26.James Webster from the Staffordshire Civil Contingencies Unit suggested that, from the perspective of a local resilience forum, “It would be helpful to have a road map that sets out what information is available on a national level, how we go about accessing it and where we get it in an emergency”.53 He suggested that
It would make our life easier if it was effectively a one-stop shop. If, as a local planner doing our CBRN and Hazmat plan, we can go to a single agency that has all the suites of guidance documents, sits across government and has all the specialists and everything in one place, we can say, “We have this particular chemical. What do we do?” If we are planning for a chemical site that has just come online, we can say, “What do we do with this?” or “We have a biological risk. Where do we go?” If it is one place, it makes our life much easier and more efficient.54
The Staffordshire Civil Contingencies Unit suggested that “the use of a single repository for advice and guidance would allow responders to access this information in one place, wherever it was produced”.55 They pointed us towards Resilience Direct56—a secure Cabinet Office website that provides document storage and information for the resilience community—as a possible home for this.57
27.It is important that local resilience forums are clear about what scientific support is available to them to support planning and response to CBRN and Hazmat incidents, including how that might be different for each type of emergency.
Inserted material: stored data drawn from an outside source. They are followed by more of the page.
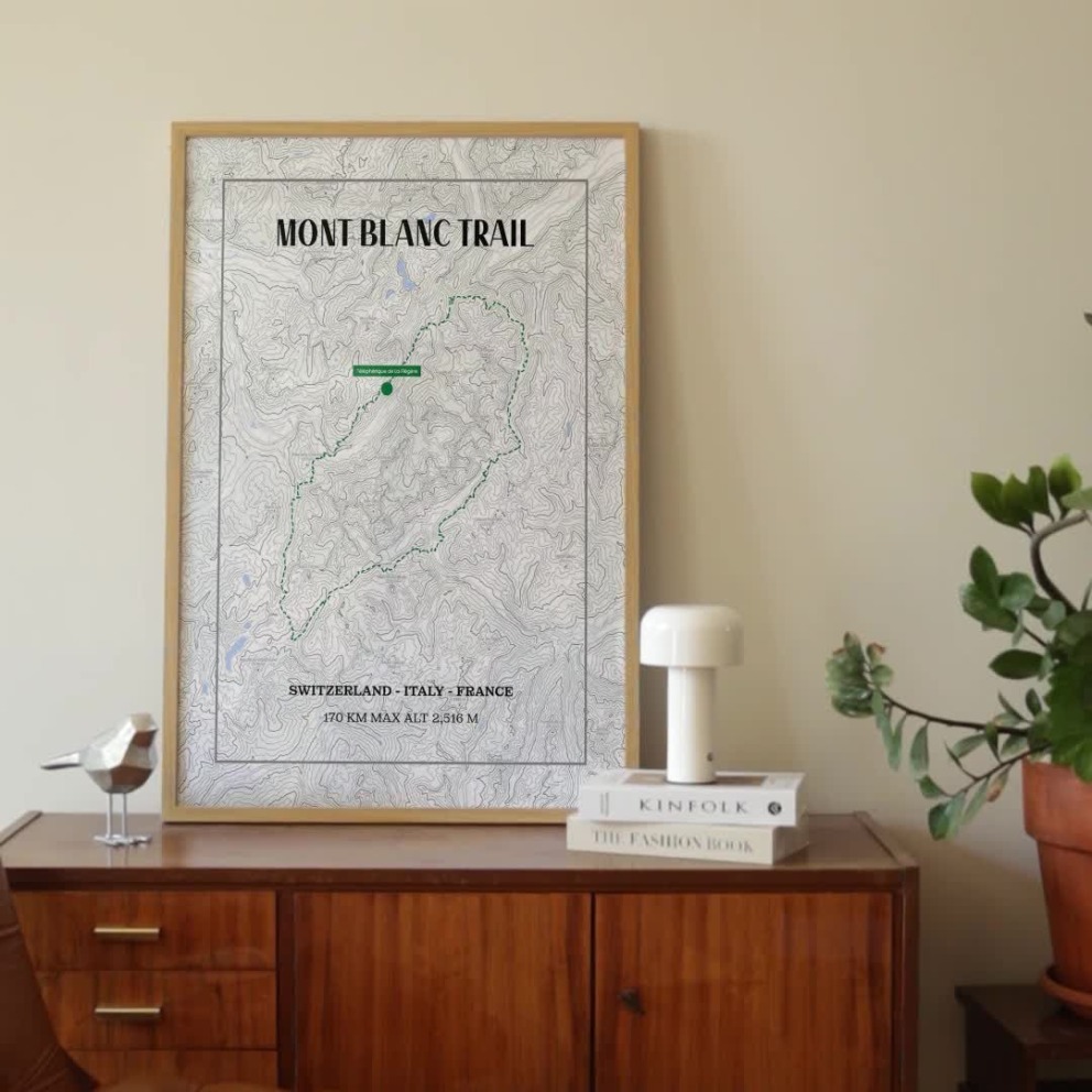 Add a touch of class to your home or office with a Mont Blanc Trail Hiking Trip Poster - Route Map, and transform beautiful artwork into a conversation starter in any space. With a Mont Blanc Trail Hiking Trip Poster - Route Map from our incredible Famous Mountain Hikes collection, you're sure to turn heads. As part of our best-selling line of Topographic Map Posters, this piece is a favorite among Nature enthusiasts and an excellent choice for Gifts for Nature & Outdoor Lovers.
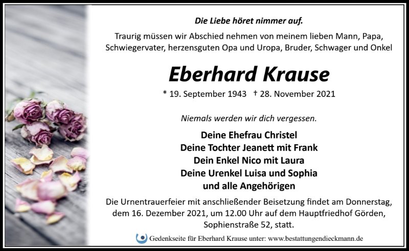 Wir umarmen euch ganz herzlich, mit der großen Gewissheit, dass er bei euch beiden die größte Lücke hinterlässt. Trauer muss ausgelebt werden, darum schämt euch nicht der Tränen … Ein lieber Mensch ist nicht mehr da, doch in euren und auch in unseren Herzen und Gedanken werden wir ihn nicht vergessen. Gern stehen wir euch jetzt und auch in Zukunft zur Seite, wenn ihr Hilfe, ein zuhörendes Ohr benötigt wird oder ihr nicht allein sein möchtet. Eberhard war ein herzensguter Mensch. Es wird so viele Gelegenheiten geben, wo wir ihn vermissen, über ihn erzählen und an ihn denken. Seine Krankheit hat ihn sehr viel Schmerzen bereitet. Gönnen wir ihn die Erlösung von diesen Schmerzen. Liebe Christel, bis zum Schluss warst du an seiner Seite und hast mitgelitten. Der Schmerz des Verlustes bleibt, doch Eberhard hat gewusst, dass er eine starke Frau hinterlässt, die auch ohne ihn das Leben meistern wird. Er war dir dankbar, für alles – liebe Christel – und das sollte dir die Kraft geben, mutig und auch zuversichtlich in die Zukunft zu blicken. Denk dran, du hast eine liebe Tochter, einen hilfsbereiten Schwiegersohn, einen tollen Enkel und besonders zwei ganz tolle, energiegeladene Urenkelkinder, die dir helfen und auch die dich brauchen.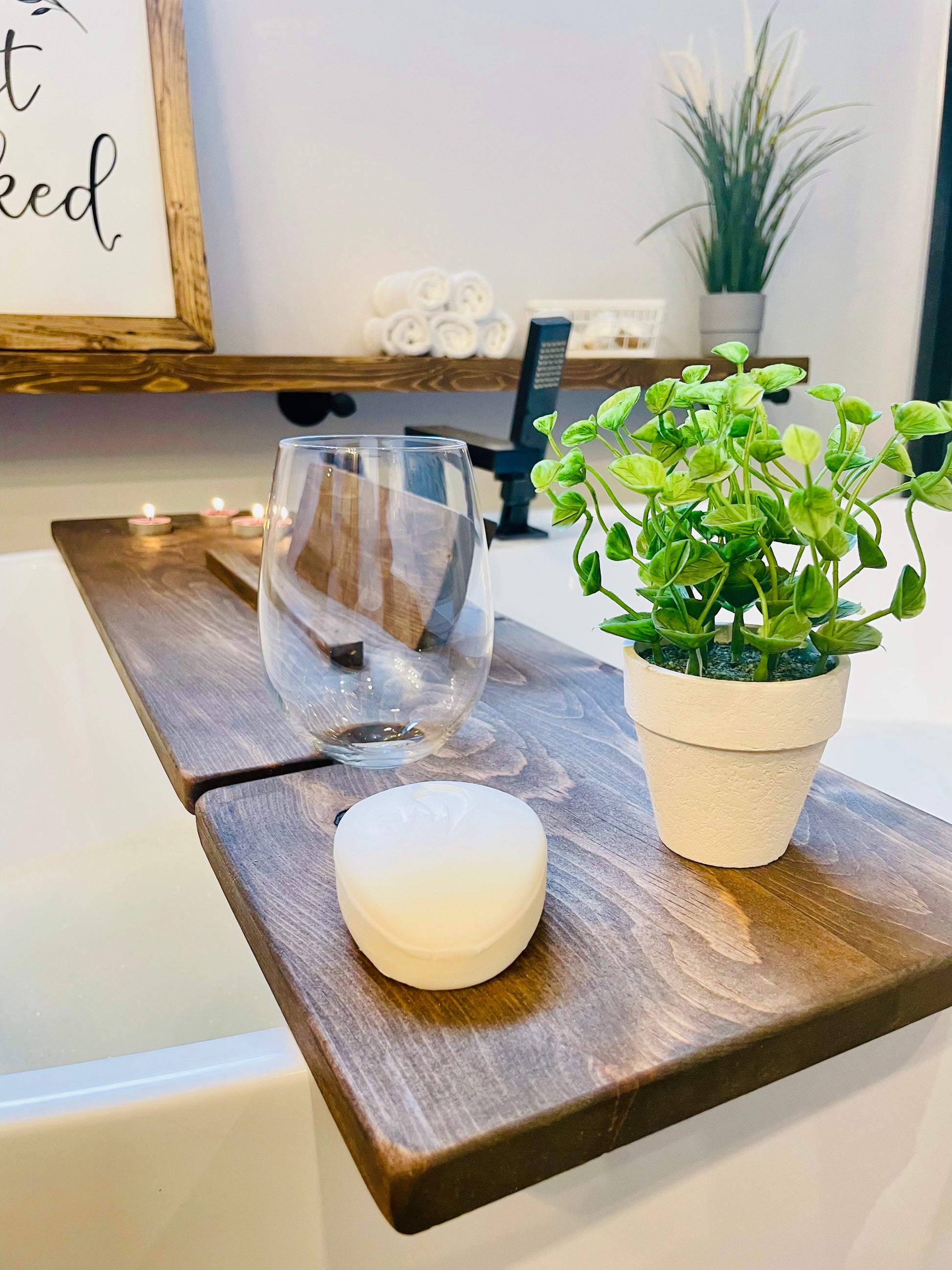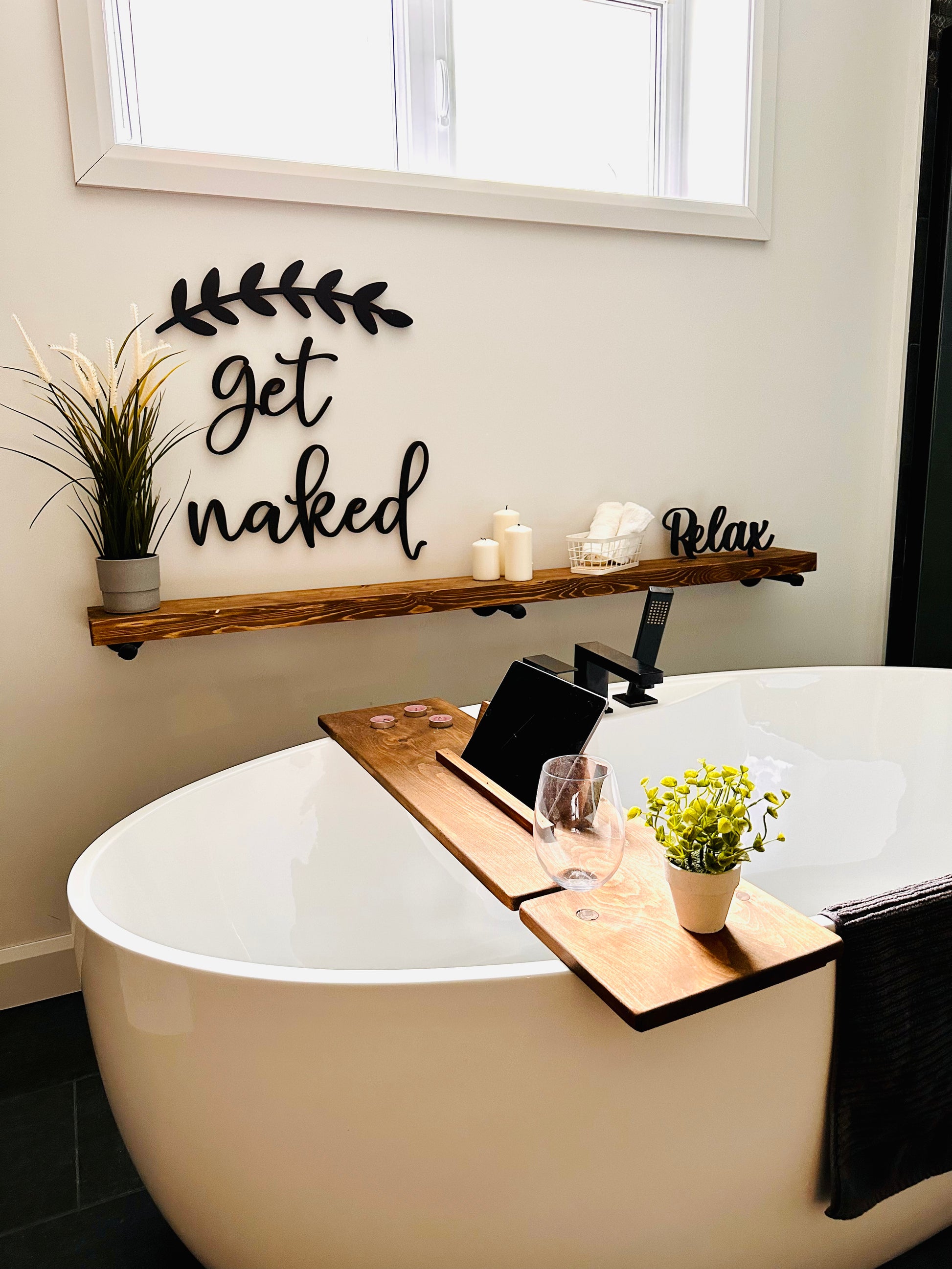 Profitez des moments de détente dans votre bain avec le "Relaxant". Ce pont de bain vous permet d'y placer une généreuse coupe de vin en toute sécurité, un livre ou une tablette. Celui-ci comprend trois espaces encavées afin d'y déposer trois chandelles pour une ambiance relaxante.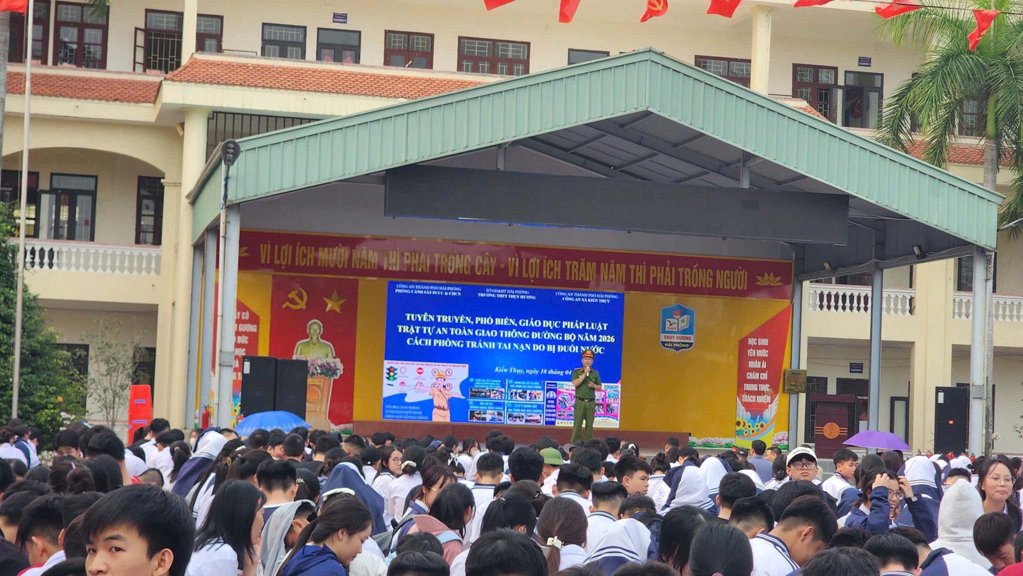 Chiều ngày 18/4/2026, Công an xã Kiến Thụy phối hợp cùng Đội Cảnh sát PCCC khu vực 6 (Phòng Cảnh sát PCCC & CNCH) và Trường THPT Thụy Hương tổ chức buổi tuyên truyền phổ biến pháp luật về trật tự an toàn giao thông (ATGT), kỹ năng phòng cháy chữa cháy (PCCC) và cứu nạn cứu hộ (CNCH).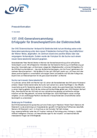 Presseinformation 17.06.2025 137. OVE-Generalversammlung: Erfolgsjahr für Branchenplattform der Elektrotechnik Der OVE Österreichischer Verband für Elektrotechnik hat am Montag seine erste…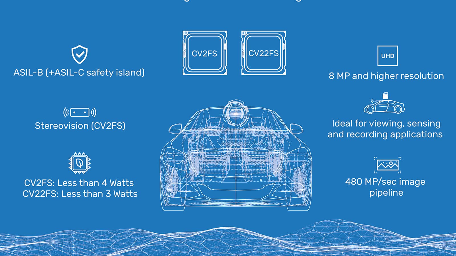 Архитектура CVflow обеспечивает обработку данных, поступающих от камер разрешением 8 мегапикселей с частотой 30 к/с, с целью распознавания объектов на больших расстояниях и с высокой точностью, в том числе — в сложных условиях освещения. Обе SoC включают ускоритель анализа оптического потока. Отличительной чертой CV2FS является поддержка стереоскопических камер.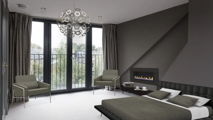 Selected blend of dark colors such as green, brown and black creating an environment without noise, without ornaments highlighting the cleanliness and purity between the sheets and the room with a minimalist, modern style overlooking the traditional Stockholm houses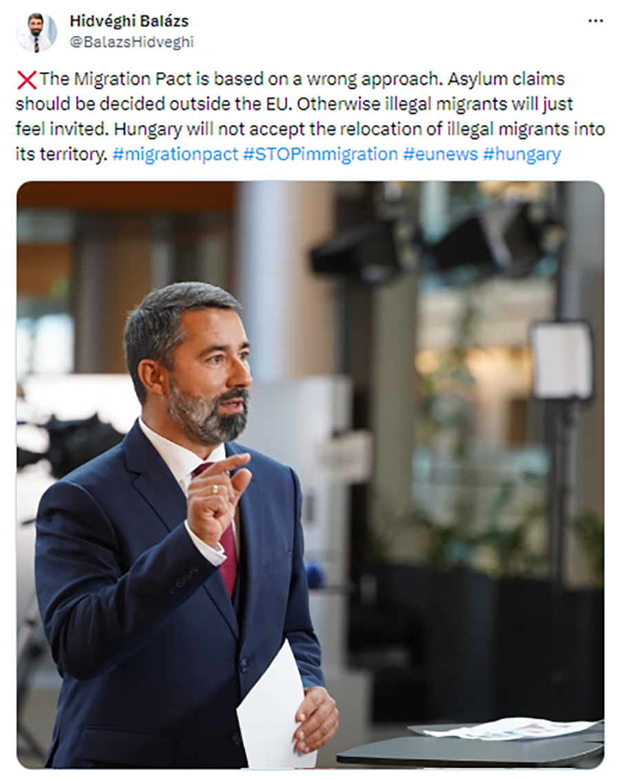 Hungarian Fidesz MEP Hidveghi Balazs reiterated their demand that all asylum claims should be made and processed outside of the EU. In other words, that each European state would have the right not to admit anyone who was not properly adjudicated and approved prior to arrival. Failing that, that each state gets to decide who may be granted protection. Nor ought any state be forced to take migrants or penalised for failing to do so.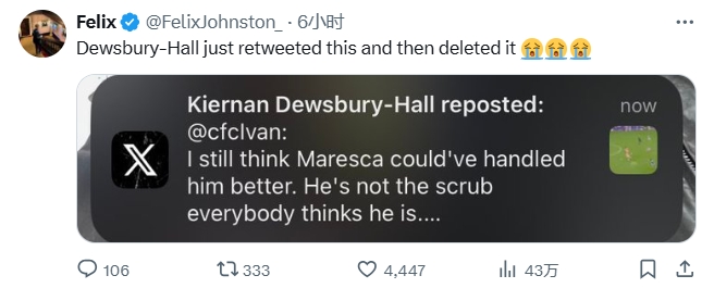 在社媒上,有球迷發(fā)文表示:我還是覺得馬雷斯卡可以更好地使用霍爾,他不像大家想象的那樣差。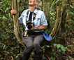 Our day began with a pre-breakfast walk onto Espumilla Beach on San Salvador Island. As we landed we encountered a female green sea turtle returning to the sea after laying eggs last night. We walked through an amazing button mangrove forest on our way to climb up to the top of the ledge of a volcanic cone. At the top of this hill we saw several juvenile Galapagos hawks scattered around the trees as well as several other species of land birds such as Galapagos mockingbirds, and small and medium ground finches.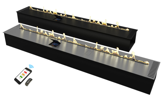 Автоматический биокамин Zefire Automatic 1800 является настоящим прорывом в современном производстве. Благодаря специальной технологии управлять прибором можно при помощи смартфона, планшета или другого гаджета. При этом такое устройство совершено безопасно в использовании, не выделяя запаха, гари и дыма. В случае возникновения любых аварийных ситуаций камин отключается автоматически. Что касается его охлаждения, то за это отвечают встроенные кулеры. Линия огня: 1600 мм.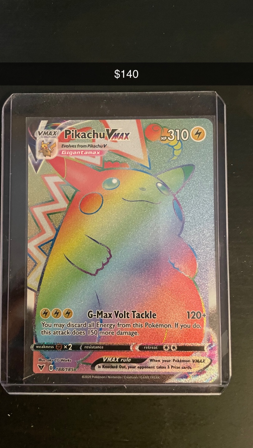 1 / 21 / 2Buy & SellPikachu VMAX 188/185 Vivid VoltagePikachu VMAX 188/185 Vivid Voltage$140Great condition Pikachu, if graded, could be worth up to $330. Price is somewhat negotiableConditionNewWHERE TO MEETOutside of the Tim HortonsView MapSELLERDylanThe Beaches24523 reviews0 chats·0 favorites·12 viewsSEND CHAT TO SELLERHi Dylan! I’m interested in your listing.Hi Dylan! I’m interested in your listing.Get the Karrot app to chatSign In to chat

The Government should investigate whether there is sufficient clarity amongst all LRFs and how this could be improved—such as by assembling all of the relevant information in the Resilience Direct secure website. In particular, the Government should clarify whether the ECOSA mechanism should only be used for scenarios with suspected malicious intent (and consequently what routes are available for securing advice in relation to Hazmat incidents), or whether the service can be used more generally.
Box 1: Case study: the Fukushima SAGE
Several witnesses drew on the example of the UK’s response to the Fukushima incident in 2011 to illustrate the strengths and weaknesses of the SAGE mechanism in the context of the release of CBRN materials (although under the current definitions the Fukushima disaster is not considered to be a CBRN incident).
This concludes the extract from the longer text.